• RAW DATA:
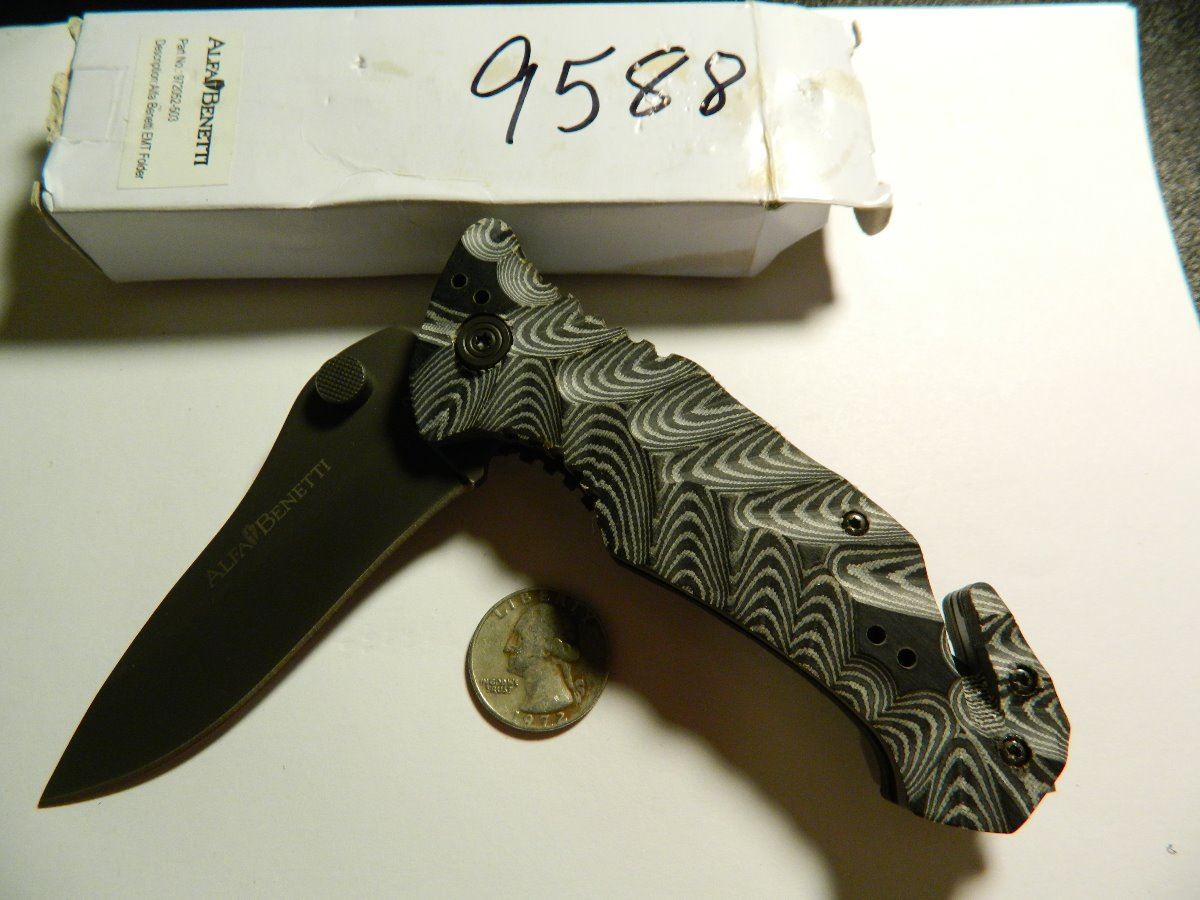 Tactical EMT Folder - 5" closed linerlock. 3 1/2" titanium finish stainless blade with oversized dual thumb studs and extended tang. Black aggressive grooved G-10 handles with thumb ridge, integrated seat belt cutter and glass breaker. Reversible titanium finish stainless wire pocket clip.
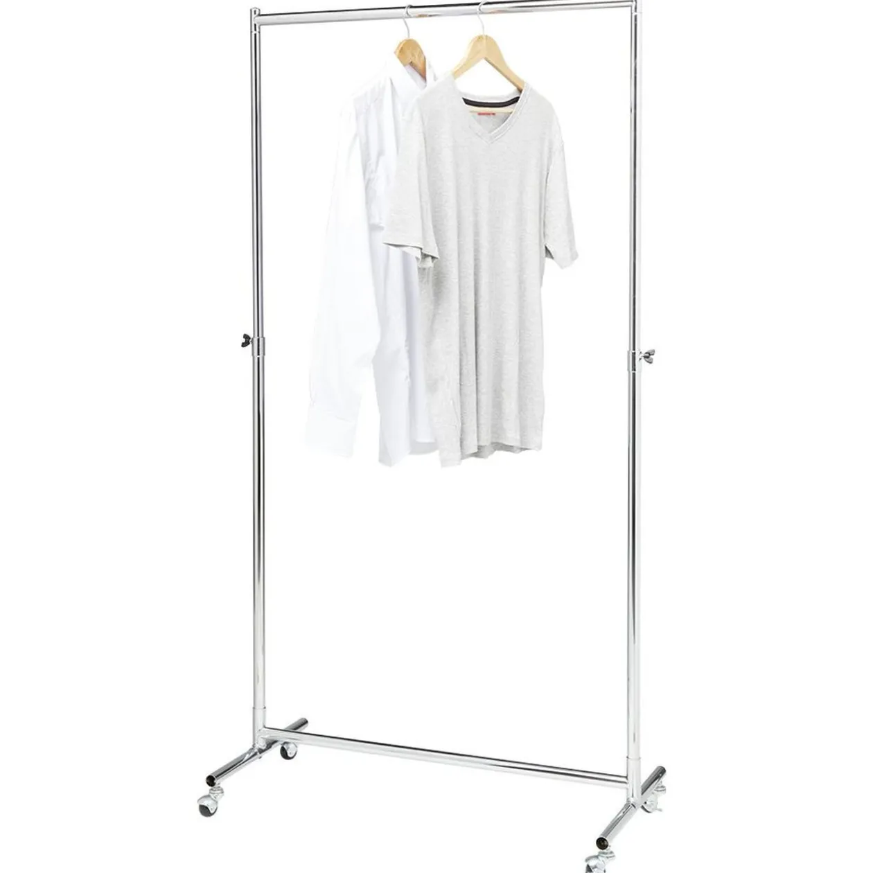 Portant à vêtements extensible d’une hauteur de 117,5 à 172 cm. Muni de 4 roulettes, il sera facile à déplacer même avec des vêtements suspendus.
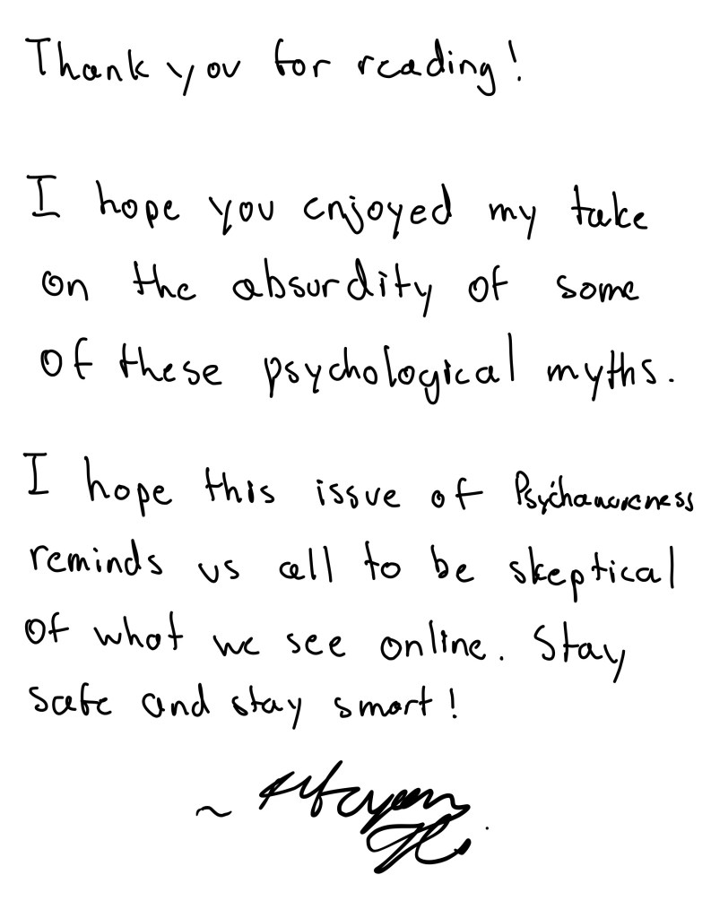 This is perhaps the most serious and grim pop-psych myth. Films and other media propagate negative representations of people who have mental disorders, which have built up stereotypes that cause prejudice. What’s more, we are quick to fear those who act differently than the norm. Let us not make fundamental attribution errors in judging other people.
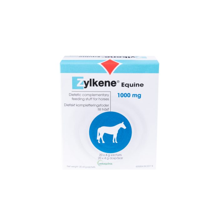 Täydennysrehu hevoselle. Hevosen reaktioiden vähentäminen kuormittavissa tilanteissa. Zylkene Equine sisältää kaseiinista eristettyä alfa-kasotsepiinia. Annostele hevosille päivittäisissä paineistavissa tilanteissa tai ennen tiedossa olevia sellaisia tilanteita, kuten ympäristön muutos, koppilepo, uudet ihmiset tai eläimet, kengitys, raspaus, kuljetukset ja kaikki muutokset normaalissa päivärytmissä.
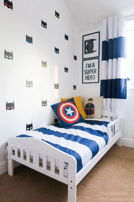 Bertemakan superhero dengan nuansa dominan putih dan biru dapat membuat tampilan kamar anak laki-laki anda ada berasa lebih elegan tapi tetap mengusung tema superhero yang mereka inginkan.
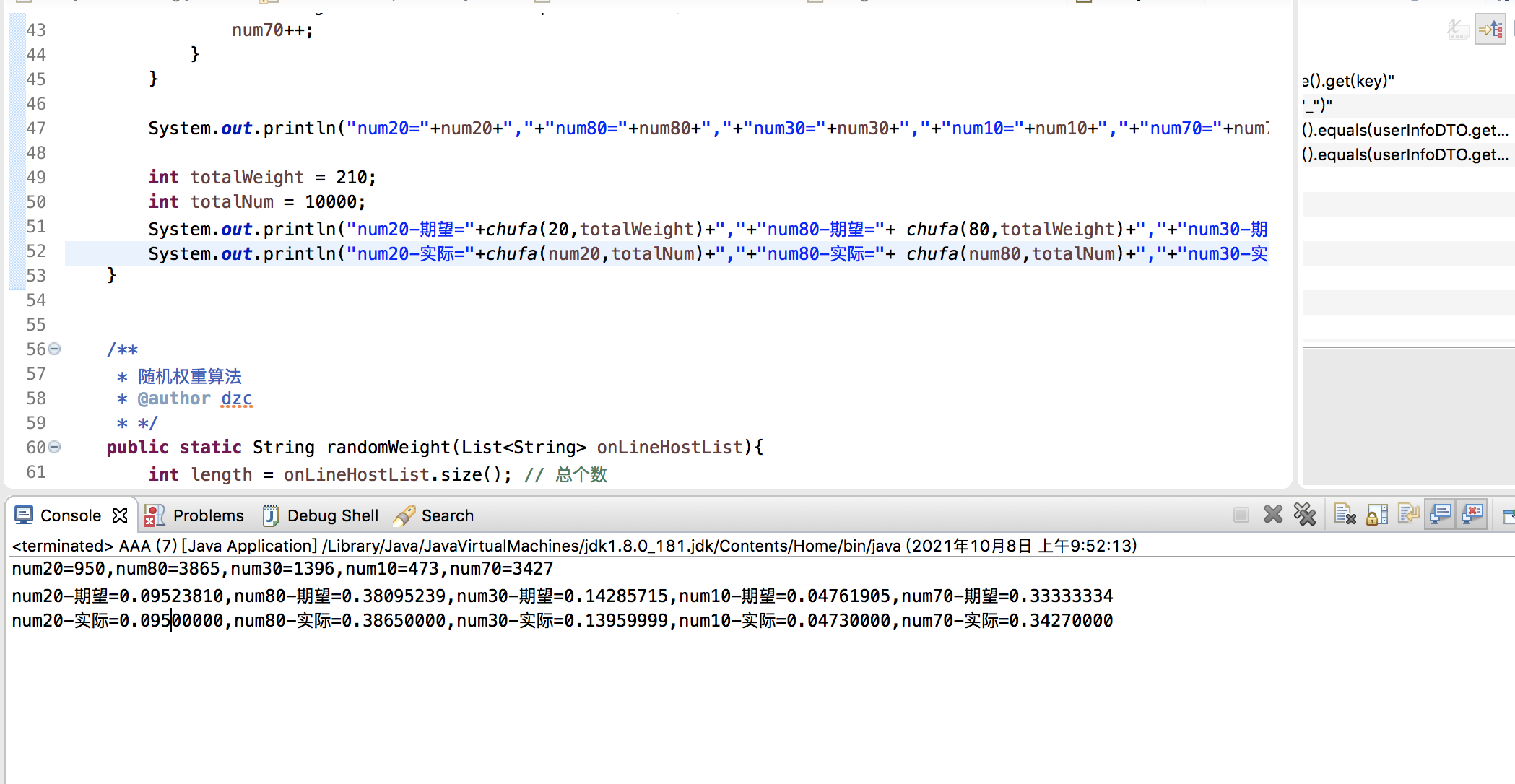2、在totalWeight范围内进行随机得到随机权重offsetWeight
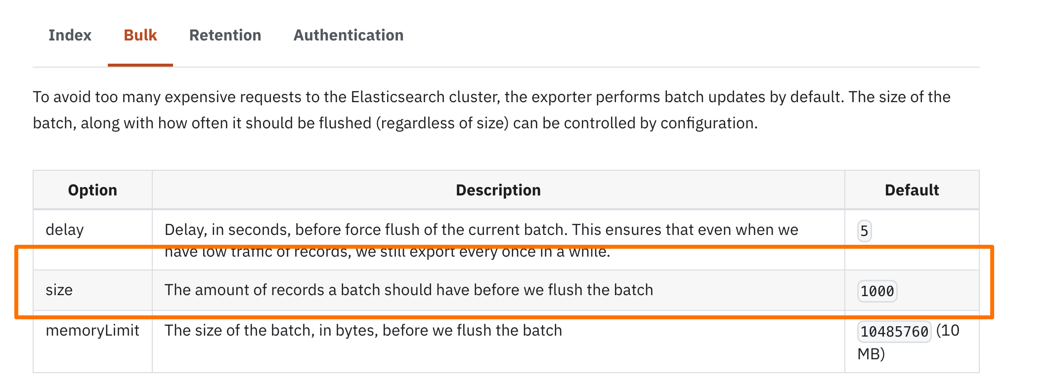 In the Zeebe service configuration in Docker, there’s the setting: ZEEBE_BROKER_EXPORTERS_ELASTICSEARCH_ARGS_BULK_SIZE=1. I’ve seen in the documentation that it has something to do with the number of records a batch must have before releasing it. But I’d like to understand what this actually means in practice. Can anyone explain it better?
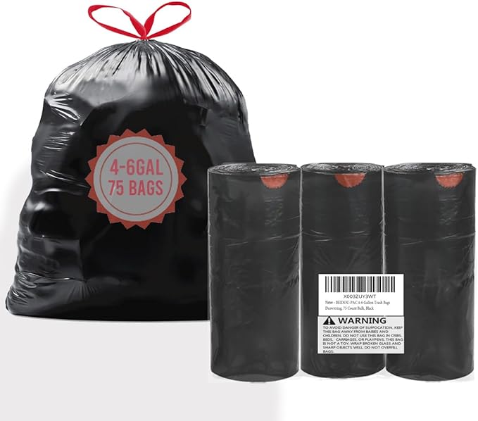 4-6 Gallon Trash Bags Drawstring, 75 Count Bulk, Black & Unscented Multi-purpose Garbage Bags for Business Home Bathroom Kitchen Commercial and Industrial

• EXERCISE BRIEF: Would you write out each record above exactly, with no images?

• RESPONSE BOX:
 Tactical EMT Folder - 5" closed linerlock. 3 1/2" titanium finish stainless blade with oversized dual thumb studs and extended tang. Black aggressive grooved G-10 handles with thumb ridge, integrated seat belt cutter and glass breaker. Reversible titanium finish stainless wire pocket clip.
 Portant à vêtements extensible d’une hauteur de 117,5 à 172 cm. Muni de 4 roulettes, il sera facile à déplacer même avec des vêtements suspendus.
 This is perhaps the most serious and grim pop-psych myth. Films and other media propagate negative representations of people who have mental disorders, which have built up stereotypes that cause prejudice. What’s more, we are quick to fear those who act differently than the norm. Let us not make fundamental attribution errors in judging other people.
 Täydennysrehu hevoselle. Hevosen reaktioiden vähentäminen kuormittavissa tilanteissa. Zylkene Equine sisältää kaseiinista eristettyä alfa-kasotsepiinia. Annostele hevosille päivittäisissä paineistavissa tilanteissa tai ennen tiedossa olevia sellaisia tilanteita, kuten ympäristön muutos, koppilepo, uudet ihmiset tai eläimet, kengitys, raspaus, kuljetukset ja kaikki muutokset normaalissa päivärytmissä.
 Bertemakan superhero dengan nuansa dominan putih dan biru dapat membuat tampilan kamar anak laki-laki anda ada berasa lebih elegan tapi tetap mengusung tema superhero yang mereka inginkan.
2、在totalWeight范围内进行随机得到随机权重offsetWeight
 In the Zeebe service configuration in Docker, there’s the setting: ZEEBE_BROKER_EXPORTERS_ELASTICSEARCH_ARGS_BULK_SIZE=1. I’ve seen in the documentation that it has something to do with the number of records a batch must have before releasing it. But I’d like to understand what this actually means in practice. Can anyone explain it better?
 4-6 Gallon Trash Bags Drawstring, 75 Count Bulk, Black & Unscented Multi-purpose Garbage Bags for Business Home Bathroom Kitchen Commercial and Industrial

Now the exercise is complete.